Rage was an excellent method of clearing the head. Jacob forced his eyes open, even though he couldn’t see for shit and felt kind of dizzy. The sky above him was a sickly yellow, staticky with the motion of still-falling rain. He didn’t spot any Eve-shaped blobs in his line of sight, but he hoped she could see him—or more specifically, that she could see the burning hate in his eyes. “You’d rather hit me than hit a dog?” he demanded. “Interview was . . . so bad?” His words were wonky. Goddamn it. He didn’t want his words to be wonky.

“Don’t flatter yourself,” she said primly. “It has nothing to do with you in particular. I meant that I’d rather hit a person than a dog.”

His lurching mind grappled with that drivel for a moment before he announced, “You are joking. This is a joke.”

“Of course I’m not joking! Dogs are so small and sweet and vulnerable. Humans are much sturdier. See how well you’re handling this?”

Jacob might be having an out-of-body rage experience right now, because his pain was growing oddly distant, and he barely even noticed that the storm was slowing as suddenly as it had begun, and really, all he could feel was this overwhelming urge to bury Eve Brown in a hole somewhere, or possibly dump her at the bottom of a well. “How well I’m handling this?” he echoed, his shout making his battered lungs ache. “Woman, I am one wrong move from vomiting blood.”

There was a slight pause before Eve said reasonably, “Ah, but if you were a dog, you might be dead right now.”

Jacob was searching for the strength to drag himself up and strangle her, even if it killed him, when a new smudge of blurry color appeared before his eyes: an oval of rich brown, surrounded by ribbons of pastel purple. She came closer, closer, and he made out the details he’d rather forget. The rounded cheeks and the big, dark eyes behind rain-wet, spiky eyelashes. The stubbornly pointed chin and glittery, glossy lips. She was biting those lips, if he wasn’t mistaken, and quite violently, too. Not to mention, there was a deep furrow on her formerly smooth forehead. Maybe she was racked with guilt.
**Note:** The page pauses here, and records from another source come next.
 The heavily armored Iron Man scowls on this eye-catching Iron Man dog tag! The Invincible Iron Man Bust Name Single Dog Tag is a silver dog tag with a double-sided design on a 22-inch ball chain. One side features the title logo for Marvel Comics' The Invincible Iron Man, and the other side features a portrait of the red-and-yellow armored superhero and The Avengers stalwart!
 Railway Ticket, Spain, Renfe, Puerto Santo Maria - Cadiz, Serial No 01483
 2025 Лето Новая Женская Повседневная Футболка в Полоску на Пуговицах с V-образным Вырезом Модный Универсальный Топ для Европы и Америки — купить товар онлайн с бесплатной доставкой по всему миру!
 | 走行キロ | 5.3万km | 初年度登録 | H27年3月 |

Or maybe she was just worried about a potential manslaughter charge if he died.

Probably the latter.

“Would it take your mind off things if I showed you my tits?” she asked out of the blue.

God, concussions were strange.

“Jacob?”

“What?” he bit out.

“Did you hear me?”

“Did I—?” He stopped. Oh. Had the tits comment not been some kind of auditory hallucination? “Dunno,” he slurred. “Maybe it would help. Wait, no it—what the hell is wrong with you?”
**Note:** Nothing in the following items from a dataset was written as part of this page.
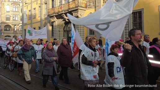 In der Tarifauseinandersetzung mit den Ländern haben sich am 6. März 2013 rund 1.000 Landesbeschäftigte in Erfurt an einer Großkundgebung auf dem Fischmarkt und vor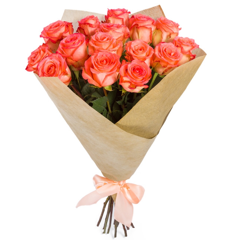 Букет из 15 коралловых роз в крафте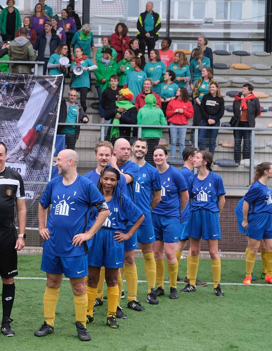 Wat zie je op de foto? Twee voetbalploegen in een voetbalstadion, een scheidsrechter met een wedstrijdbal, supporters met een tifo. Alle ingrediënten voor een onbezorgde pot voetbal. Maar… het is niet zomaar een wedstrijd.

“Several things.” She’d disappeared from his line of sight, which was honestly a blessing, and her voice came as if from a distance. “I only asked because when I came to the interview you seemed very distracted by my chest, so—”

“I was reading the T-shirt,” he insisted for what felt like the thousandth time.

“If you say so,” she murmured, clearly amused and absolutely infuriating. Then she cried, “Ah! Found them,” and reappeared again. Slowly, carefully, she slid his glasses back onto his face.

His glasses. She’d found his glasses. He hadn’t even asked. And now here she was, putting them on for him.

Of course, that task was not as easy as certain films and TV shows liked to make it look. As a general rule, Jacob made sure no one ever did it to him. Similarly, when women tried to remove his glasses in fits of passion, or whatever the fuck they thought they were doing, it usually pissed him off enough to take him out of the mood, and then he had to think about messy blow jobs for a solid five minutes to get going again. So when he realized that a complete stranger was attempting one of his least favorite things in the world, he tensed.